Economic warfare is a very real thing. The elderly should be stripped of asset hoarding, bedroom tax for anyone over 60+ living alone in a 3 bed house, or forced asset seizure to cover care home stays, for instance. Gently encourage the redistribution of wealth to the younger generations.
 
Economic warfare is a very real thing. The elderly should be stripped of asset hoarding, bedroom tax for anyone over 60+ living alone in a 3 bed house, or forced asset seizure to cover care home stays, for instance. Gently encourage the redistribution of wealth to the younger generations.

So you're expecting people to kick their grandmothers out of their home when their grandfather dies? That's your vision of the future?
 
So you're expecting people to kick their grandmothers out of their home when their grandfather dies? That's your vision of the future?

Her generation didn’t build enough family homes so she should be taxed to make up for that if she insists on hoarding a family home she does not need, so we can finally build homes that future generations so desperately need.
 
Her generation didn’t build enough family homes so she should be taxed to make up for that if she insists on hoarding a family home she does not need, so we can finally build homes that future generations so desperately need.

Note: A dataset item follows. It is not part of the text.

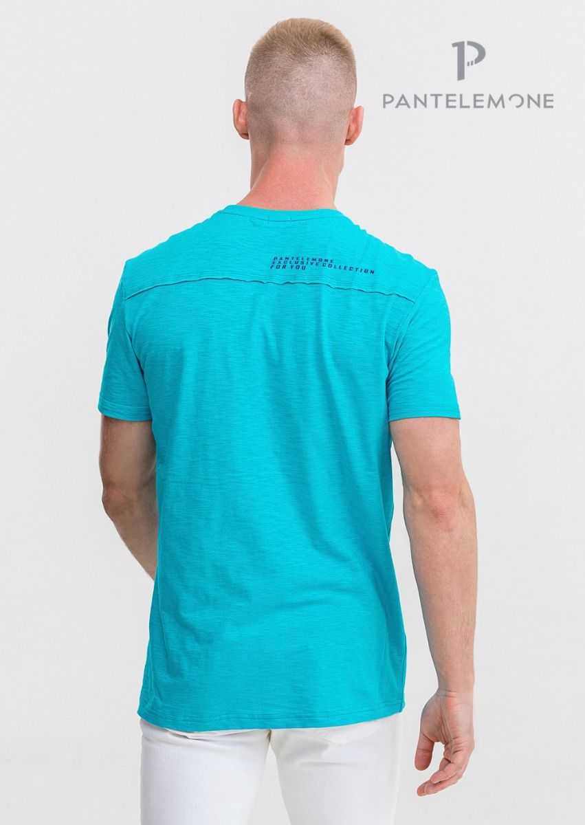 Футболка с втачным рукавом полуоблегающего силуэта с круглым вырезом горловины. Кокетка на передней детали и на спинке. На передней детали фирменная вышивка. Материал: Кулирная гладь слаб 135 г/м, гребенная пряжа (penye).

And you think you can persuade enough people to throw their own parents and grandparents under the bus for this vision of yours to come to pass?
 
And you think you can persuade enough people to throw their own parents and grandparents under the bus for this vision of yours to come to pass?

Whilst I don't agree with the idea of penalizing those who found it really easy to afford to get on the property ladder and got themselves a mortgage for 3.5x the average wage, compared to the 10x it is now and would much rather see young(er) people be given the same opportunities said generation had...
It shouldn't really need a great deal of pointing out that said generation were (and still are) MORE than happy to throw their kids and grandkids under the bus to maintain their cushy lives.